日本サポーターはごっつぁんゴールを祝福できるか?
2006ワールドカップ予選の、日本-クロアチア戦。あの柳沢のシュートは惜しかった。「惜しかった」という言葉ではすませられないくらい惜しかった。
しかし、あのごっつぁんゴールを入れたら、柳沢は祝福されるのか?と私は思ってしまった。
日本サッカーは宿痾のように決定力不足に悩まされてきて、今年は多少解消されたように思ったが、単純な決定力は獲得しつつあるとしても、「ここぞという時の決定力」が無いことを印象づけた場面だった。
フォワードの一番の適性は「ここぞという所」で「ごっつぁんゴール」を何の躊躇もなく入れられる人であることだと思う。
それができたら、彼はヒーローになる。彼の地力や努力や才能と関係なく、単なる幸運によってヒーローとなる。技術的には、「一番いい時にちゃっかりそこにいる」というのは、フォワードの重要な技術だと思うが(実際、柳沢にはそういう才能があって、あの場面がそれを象徴しているような気もするが、そこまで私はサッカーのことはわからないのだけど)、素人には「自分でも入れられそうな簡単なシュート」にしか見えない。
「自分でも入れられそうな簡単なシュート」を入れたことで、一躍国民的ヒーローになるような人を、日本人は果たして祝福できるのか?
そういう運と臭覚のみで生きているような人間が、自分たちの「代表」になることを日本人は許容するのか?
WEB日記を見て回ると日本の底力を感じる。
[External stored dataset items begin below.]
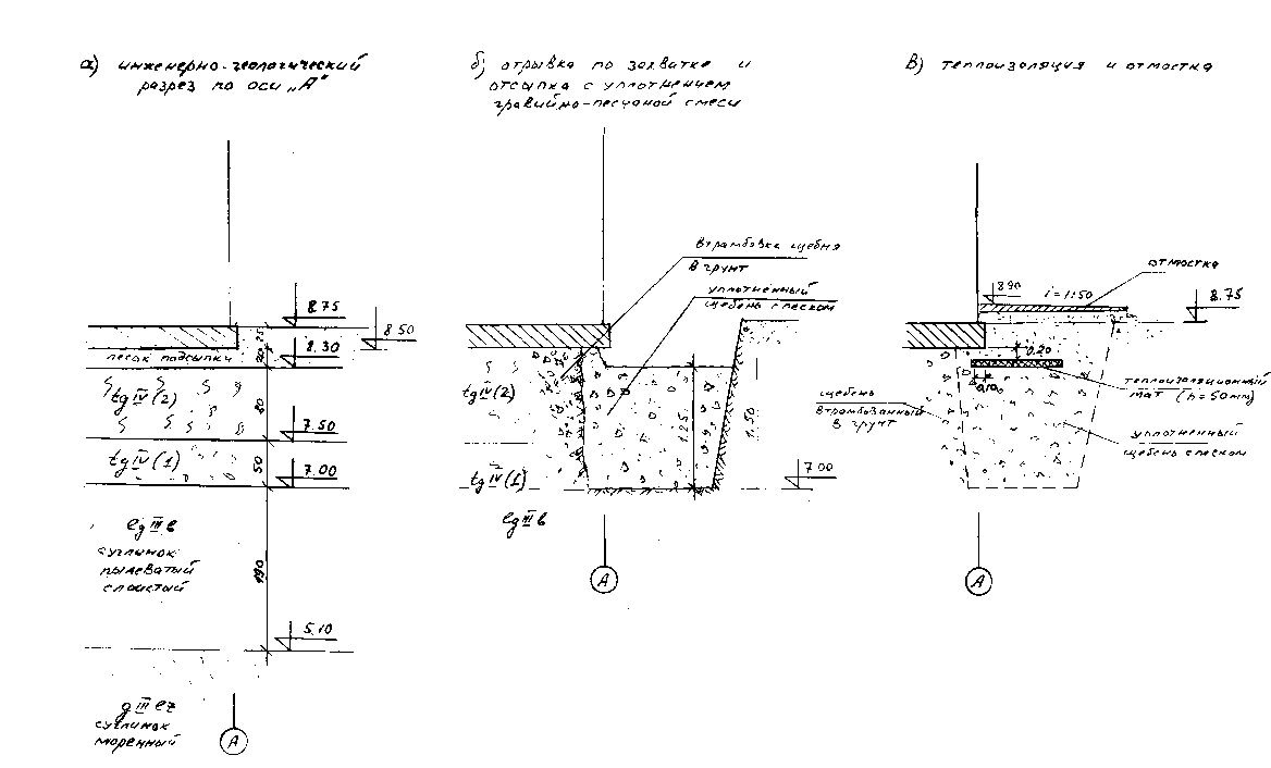 2. Частичная выборка техногенного слоя неслежавшегося суглинка и строительного мусора из под подошвы фундаментной плиты по оси “А” и пересадка ее на трамбованные щебеночные столбы, доведенные до естественного грунта ( рис. 3 ).
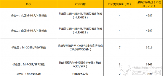 标包二:南区M-HLR/HSS新建,中标数量1个;
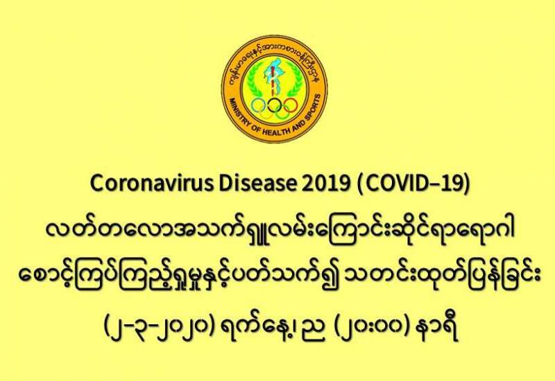 ၁။ ကျန်းမာရေးနှင့်အားကစားဝန်ကြီးဌာနသည် တရုတ်ပြည်သူ့သမ္မတနိုင်ငံနှင့် ကမ္ဘာ့နိုင်ငံ (၅၉) နိုင်ငံတွင် ကူးစက်ပျံ့နှံ့ လျက်ရှိသည့် COVID-19 ရောဂါဖြစ်ပွားမှုဖြစ်စဉ်နှင့်ပတ်သက်၍ ရောဂါစောင့်ကြပ်ကြည့်ရှုခြင်း လုပ်ငန်းများအား ဆောင်ရွက် လျက်ရှိရာ တွင် နိုင်ငံတကာ ကျန်းမာရေးဝန်ကြီးဌာနများနှင့်လည်းကောင်း၊ ကမ္ဘာ့ကျန်းမာရေးအဖွဲ့နှင့်လည်းကောင်း ချိတ်ဆက်၍ သတင်းပေးပို့ဖလှယ်ခြင်းများကို အချိန်နှင့်တစ်ပြေးညီ ဆောင်ရွက်လျက်ရှိပါသည်။
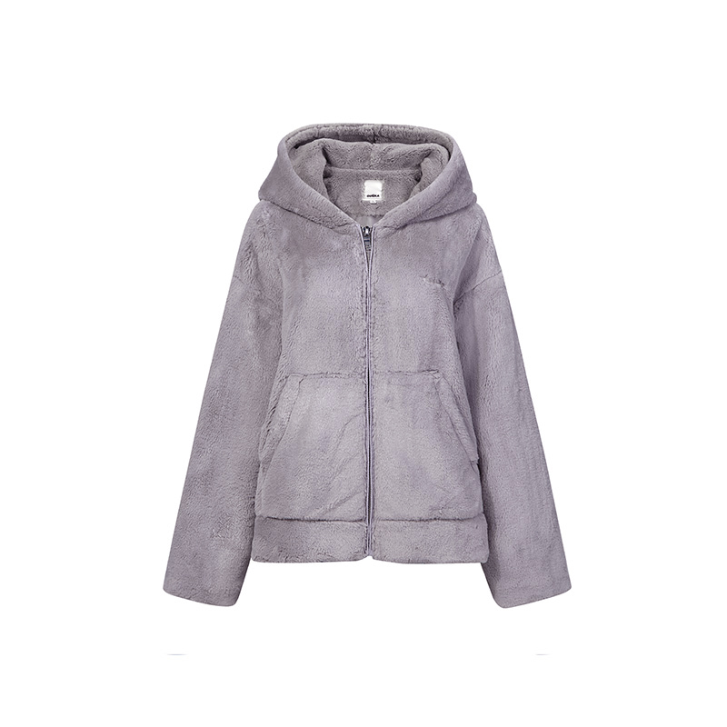 宽松毛呢连帽衫 GUUKAHERO灰色仿兔毛卫衣外套女 格雷系羊羔绒冬季
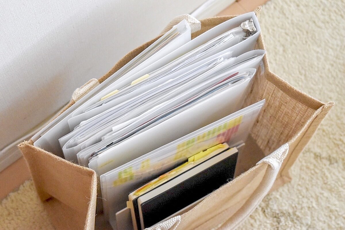 スチロール仕切りスタンドを入れることで書類をたくさん入れても倒れることなく自立しますし、持ち手が付いているので使いたい場所に簡単に持ち運べてとっても重宝しています。
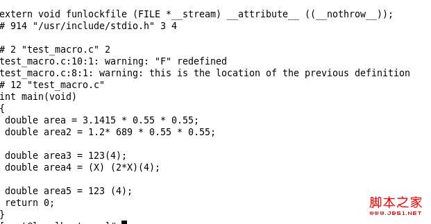 可以看到“#define PI 3.1415”和“#define P I 689”分别是两个不同的宏定义“PI”和“P”;"G(4)"被“(X) (2*X) (4)”替换掉;当调用“F(4)”时,系统并没有替换成“2*4”,而是替换成了“123(4)”,说明“#define F 123”完全屏蔽掉了“#define F(X) (2*X)”,当注释掉“#define F 123”后"#define F(X) (2*X)"可以正常工作。因此,在进行宏定义时,要密切关注空格的影响,并且“带参数宏”和“无参数宏”的名称一定不能相同,否则会出现混乱。但是,在宏调用时空格并不影响效果,例如F(3)和F (3)效果相同(F(X)是带参数宏)。
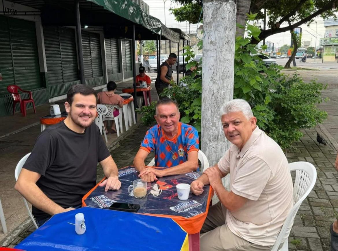 Na imagem, Renato aparece tomando café no local, acompanhado também do vereador Alonso Oliveira. Na legenda, Sabá escreveu: “No mercado da Cachoeirinha com o Vice-Prefeito Renato e Alonso. Tmj, David!”.
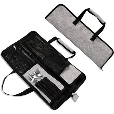 LARGE CAPACITY FOR CHEF KNIVES: Measuring 18" W * 11" H (46 * 29 cm), this chef knife bag accommodates up to 12 knives and utensils. Zippered pockets ensure organized storage, and its compact roll design allows for secure transportation. QUICK AND EASY STORAGE: Its ergonomic design allows for effortless organization in your knife bag. Two mesh pockets offer additional storage space for essential chef tools. EXPERTLY CRAFTED: Our knife rolls for chefs are meticulously designed as the ultimate travel companions. Handcrafted with tough, lightweight, stain-resistant Oxford, this durable knife roll is built to withstand kitchen rigors for years. PERFECT FOR ESSENTIALS: Featuring 13 knife slots and zippered pockets, this professional knife case effortlessly transports your entire chef knife set and utensils, keeping them organized and secure. LIGHTWEIGHT & PORTABLE: This knife case is tailor-made for the traveling chef. Whether carried by the handle or as a knife roll tucked into a larger bag, it offers unparalleled convenience and portability.
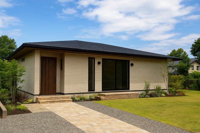 軒を伸ばすことで雨風を凌ぐ、デザイン美と機能美を兼ね備えた普遍的な外観
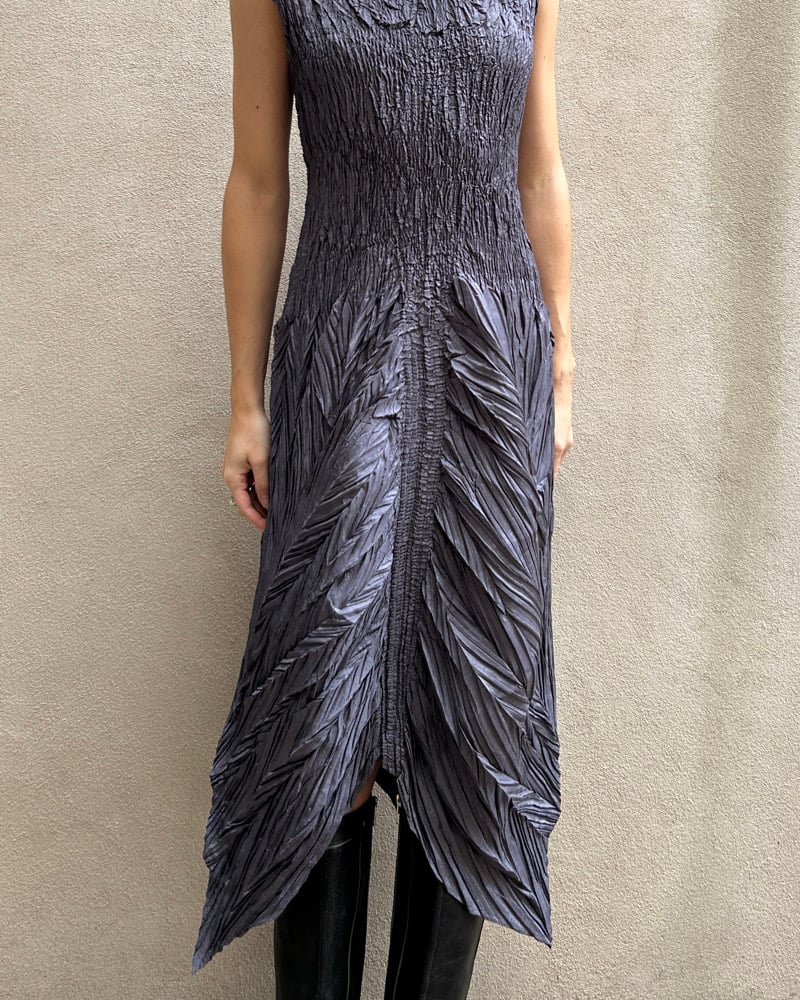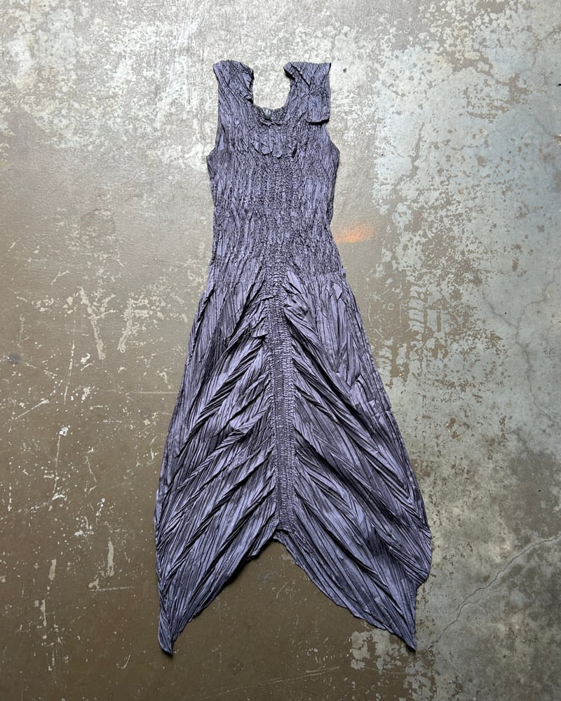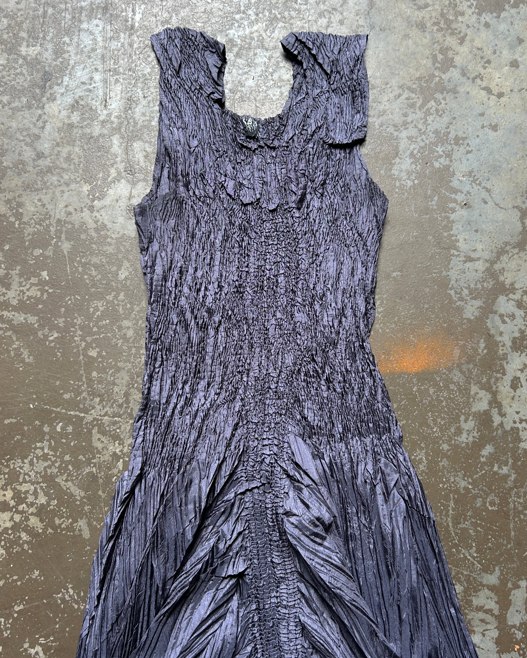 Size M | Vintage Australian brand metallic grey/purple pleated dress.

別に長い文章を書かなくても、いろんなことをきちんと考えてる人が多いのは一目瞭然だ。ただ、MF的人材が多いと言えば多い。グラウンドの中にいて自分をとりまく状況を上から俯瞰して見るような認識力が、中盤には要求されるのだろうが、その力が行動力をむしろ圧迫してしまってるような気がしないでもない。
俺はジーコ監督ではないので、この超難解なパズルを解く義務はないのだが、中盤だけで試合に勝つ方法はないものだろうか?
柳沢は動物的直感で、この「ごっつぁんゴール」を入れた後の自分の運命を、あの一瞬に見てしまったのではないだろうか?そして多くの日本人がそうするように無意識に安全な「ヘタレフォワード」の道を選択したのではないだろうか?
誰が彼を責められると言うのだ。
(追記)
「日本へのメッセージ――グーグル、若者、メディア、ベンチャー精神について」という、たまたま今日公開された梅田さんのインタビューが、これと微妙にシンクロしているような気がする。